Year A – Ascension Sunday

Year A - Ascension Sunday
Jesus’ Ascension to Heaven

(Acts 1:1-11; Eph.1:17-23; Mt.28:16-20)

Most of us are aware of helicopter parents – those who like to micromanage their children’s lives by controlling their actions and solving all their problems for them.

Their children might be kept safe, but they gradually lose their confidence and initiative, and they never quite learn to trust themselves.

At some point, every child must be allowed to take responsibility and grow up.

In today’s Gospel, Jesus sees his disciples for the last time before ascending to heaven. He’s been something of a father to them and knows their flaws only too well. But he doesn’t stay on to keep them out of trouble.

Instead, Jesus blesses and commissions them, and then he leaves.

Matthew is honest about this moment: ‘They worshipped him; but some doubted,’ he says. These disciples aren’t confident leaders. They are fragile, uncertain and have much to learn, but Jesus still entrusts his mission to them.

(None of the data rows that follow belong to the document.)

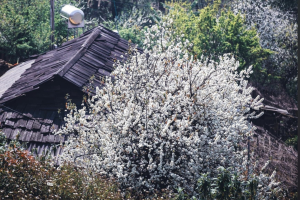 Ngay khi bước chân gần bản, du khách sẽ bắt đầu nhìn thấy những cây sơn tra trắng tinh khôi nổi lên giữa không gian núi rừng hùng vĩ. Con đường bê tông uốn lượn khắp bản là bức tranh sống động với hàng loạt cây hoa sơn tra nở trắng, làm tăng thêm vẻ thơ mộng cho cả vùng cao Nậm Nghiệp. Dù có nhiều vùng núi cao khác cũng có sơn tra nhưng ở đây, những cây sơn tra thấp, trồng tập trung, tạo nên những đám mây hoa trắng to lớn trước những ngôi nhà gỗ đơn giản, mái lợp rêu mốc, đưa lòng người về với một miền đất cổ tích đầy mộng mơ.
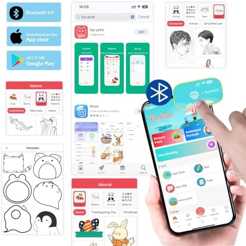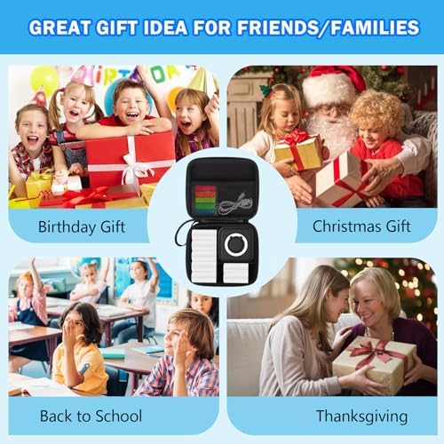 HUIJUTCHEN Black Mini Pocket Printer with Black Case, Mini Thermal Printer with 10 Rolls Thermal Paper, Mini Portable Photo Printers for Travelling, Journal, Memo, Photo, Study Notes, Shopping Lists
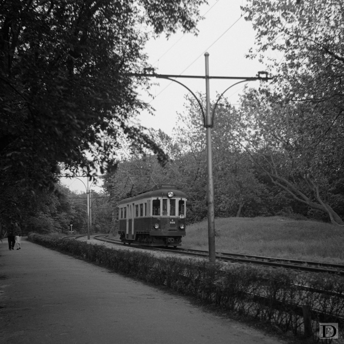 Motorrijtuig op de lijn Scheveningen - Voorburg rijd de Nieuwe Scheveningsche Bosjes (bij de Brusselselaan) in.
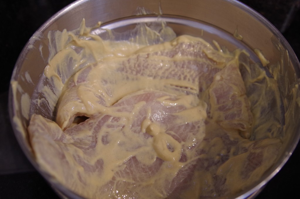 In a large bowl coat the catfish with the yellow mustard. (This was shocking to me. No egg or buttermilk?!)
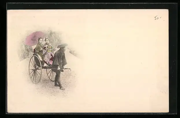 AK Zwei Geishas werden in einer Rikscha gezogen

This tells us a lot about how Jesus views leadership – and discipleship.

In Kazuo Ishiguro’s novel The Remains of the Day, James Stevens is the butler at Darlington Hall. He is an ideal butler because he’s so obedient, but as a man he is a tragic figure because he is never trusted to be more than a servant. He never learns to act freely or take moral responsibility for himself, and in the end, he realises that he has wasted his life.

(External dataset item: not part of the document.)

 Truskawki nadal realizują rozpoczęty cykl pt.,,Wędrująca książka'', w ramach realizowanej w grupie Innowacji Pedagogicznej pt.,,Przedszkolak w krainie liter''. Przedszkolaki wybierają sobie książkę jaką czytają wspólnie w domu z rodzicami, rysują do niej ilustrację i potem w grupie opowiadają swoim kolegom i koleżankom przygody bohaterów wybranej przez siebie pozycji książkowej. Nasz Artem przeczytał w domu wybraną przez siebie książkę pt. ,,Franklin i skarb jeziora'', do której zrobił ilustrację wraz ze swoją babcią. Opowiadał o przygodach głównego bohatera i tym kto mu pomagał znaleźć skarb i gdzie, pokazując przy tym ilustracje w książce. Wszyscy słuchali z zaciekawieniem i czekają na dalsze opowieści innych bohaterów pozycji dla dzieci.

Jesus doesn’t want his disciples to be like that. If God insisted on controlling everything in our lives, it would make us safe, but small. We’d never really grow up or take responsibility, and we’d never reach our potential.

God loves us too much to let that happen. He knows we need freedom to truly love, and that’s why Jesus ascends to heaven.

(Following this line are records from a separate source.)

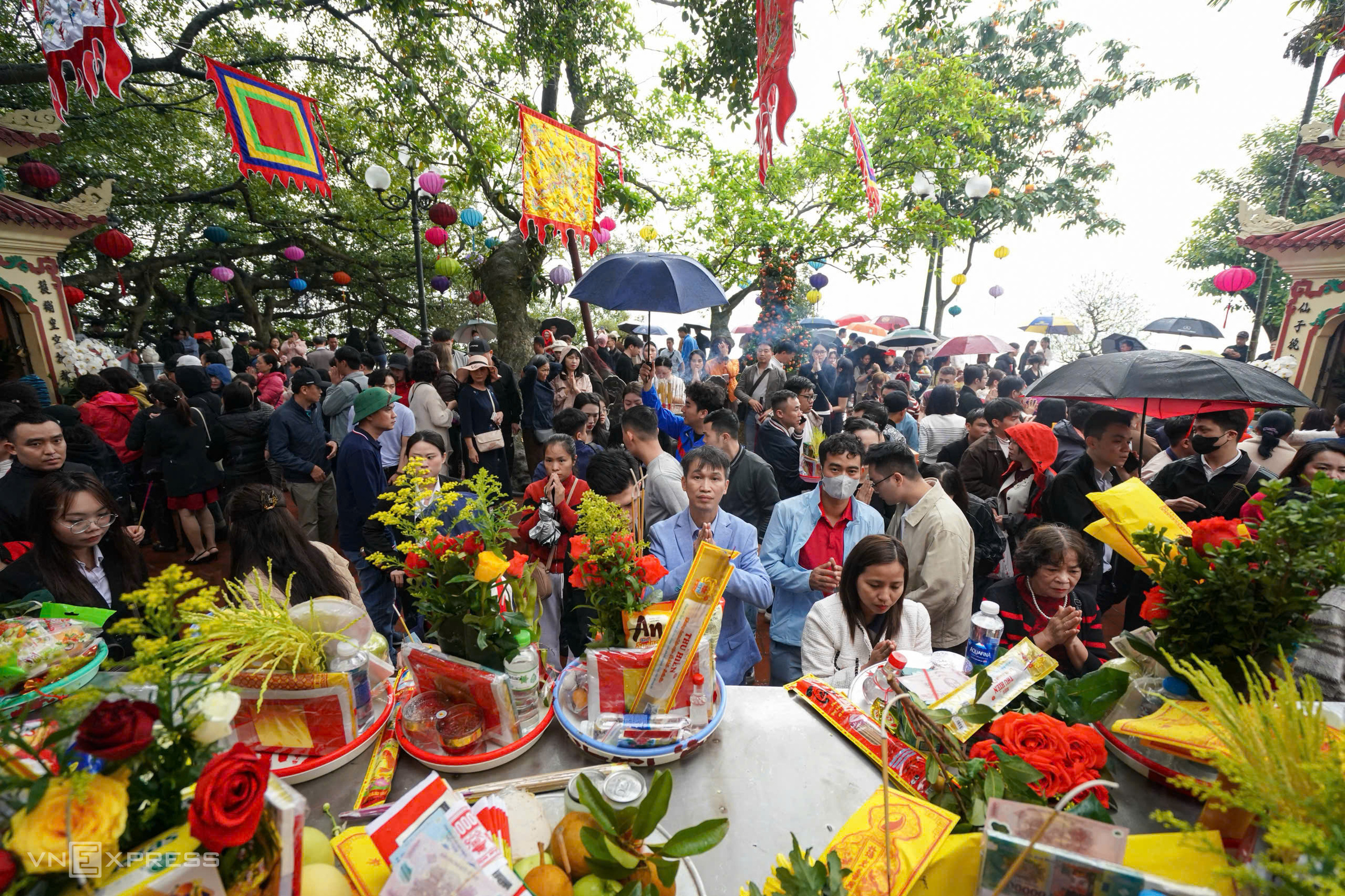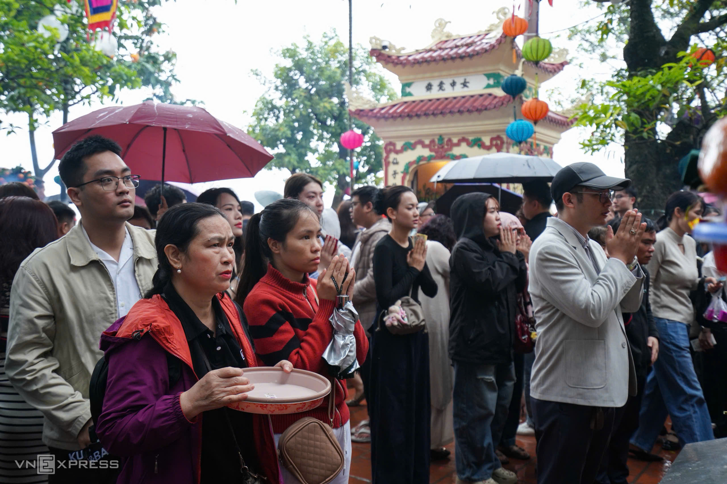 Despite the drizzle today in Hanoi, people bustled into Phu Tay Ho (Tay Ho ward) to perform their rituals. The number of visitors surged at noon, during office lunch breaks. Many employees used this time to visit temples at the beginning of the year, praying for health and peace for themselves and their families.
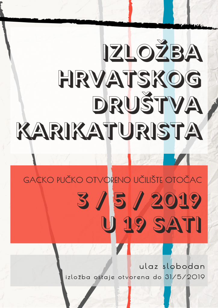 OTOČAC – Izložba Hrvatskog društva karikaturista bit će otvorena u izložbenoj dvorani Gackog pučkog otvorenog učilišta Otočac 3. svibnja 2019. u 19 sati. Na izložbi će biti predstavljeni radovi četrdesetak autora, tj. članova Hrvatskog društva karikaturista, a neki od njih karikature će izrađivati i na otvorenju izložbe.
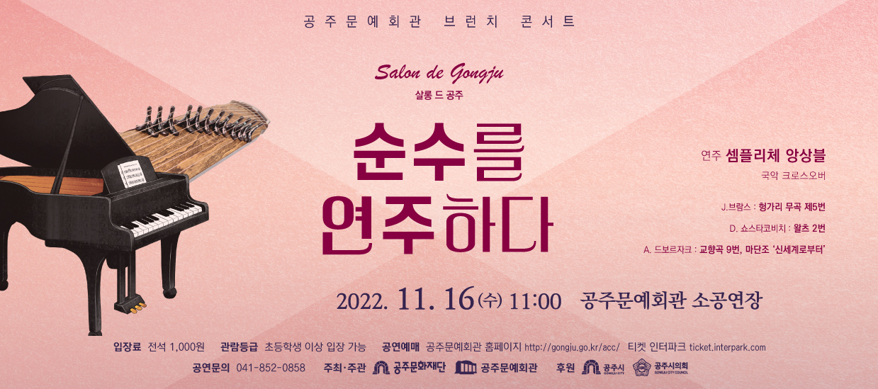 기획공연 살롱 드 공주 - 순수를 연주하다 공연기간2022-11-16 공연예매2022-10-18 13:00 ~ 2022-11-15 17:00 공연시간11:00 공연장소소공연장 티켓정보전좌석 1,000원 관람등급초등학생 이상 가능 공연주최공주문예회관 공연문의041-852-0858 공지사항 공연소개 프로그램 출연진
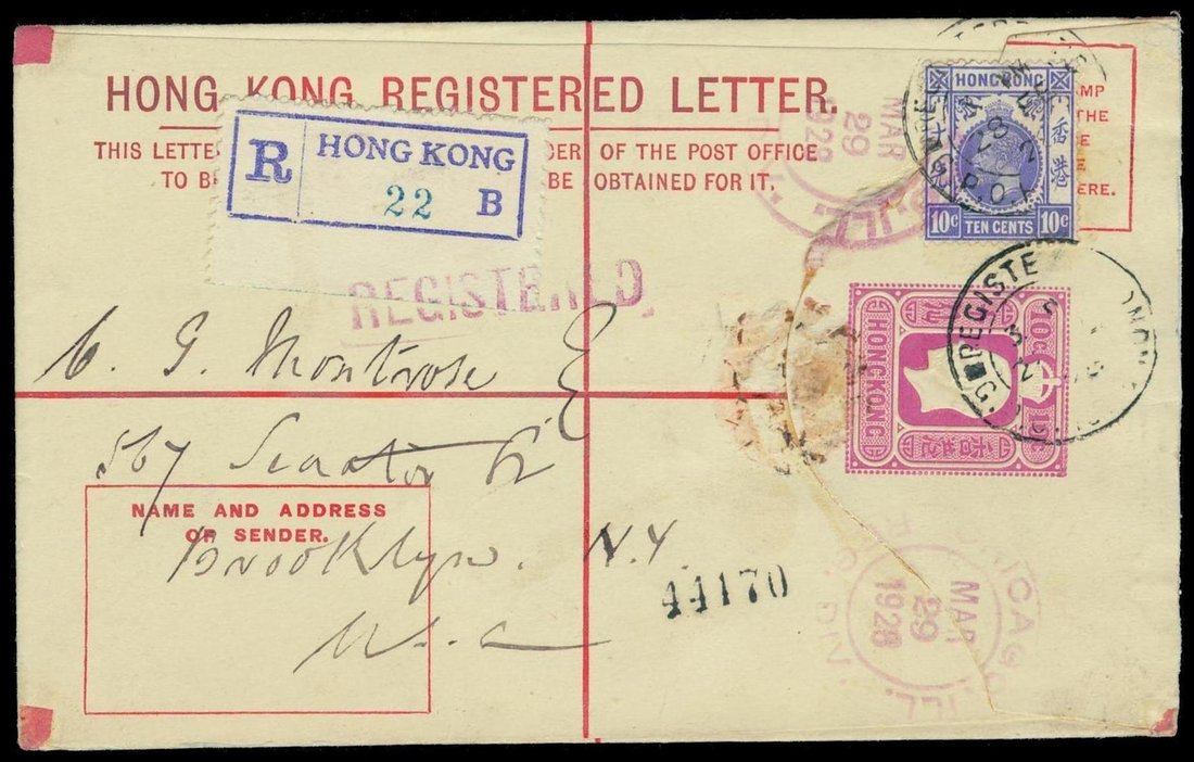 1928 (28 Feb.) K.G.V 10c. registered stationery envelope ,size G, to Brooklyn (31.3) bearing K.G.V 10c., cancelled by "Registered/G.P.O. Hong Kong" c.d.s. with registration label alongside, fine and clean with nice $10 single franking. Photo

In Tom Hooper’s film The King’s Speech (2010), the future King George VI has a terrible stammer and a speech therapist, Lionel Logue, is brought in to help. When he ascends the throne, George relies on this therapist to help him make his first radio broadcast.

Lionel can’t speak for the king, and he can’t rescue him at the microphone. But he does train him, encourage him and challenge him, and then he withdraws. The king must find his own voice.

This is what Jesus does at his Ascension. He has given the disciples his words, his way of life and his Spirit. Now he entrusts them with his voice in the world.

Jesus steps back so that others may step forward.

This is also what Florence Nightingale did during the Crimean War (1854-6). As a nurse, she faced chaos: terrible disease, overcrowded hospitals and untrained staff.

She could easily have tried to control every decision herself. Instead, she focused on sound formation rather than interference. She trained her nurses rigorously, insisting on discipline and careful observation, and then she deliberately stepped back.

In her writings, she warned against what she called ‘petty management,’ believing that it produced fear and dependence rather than competence.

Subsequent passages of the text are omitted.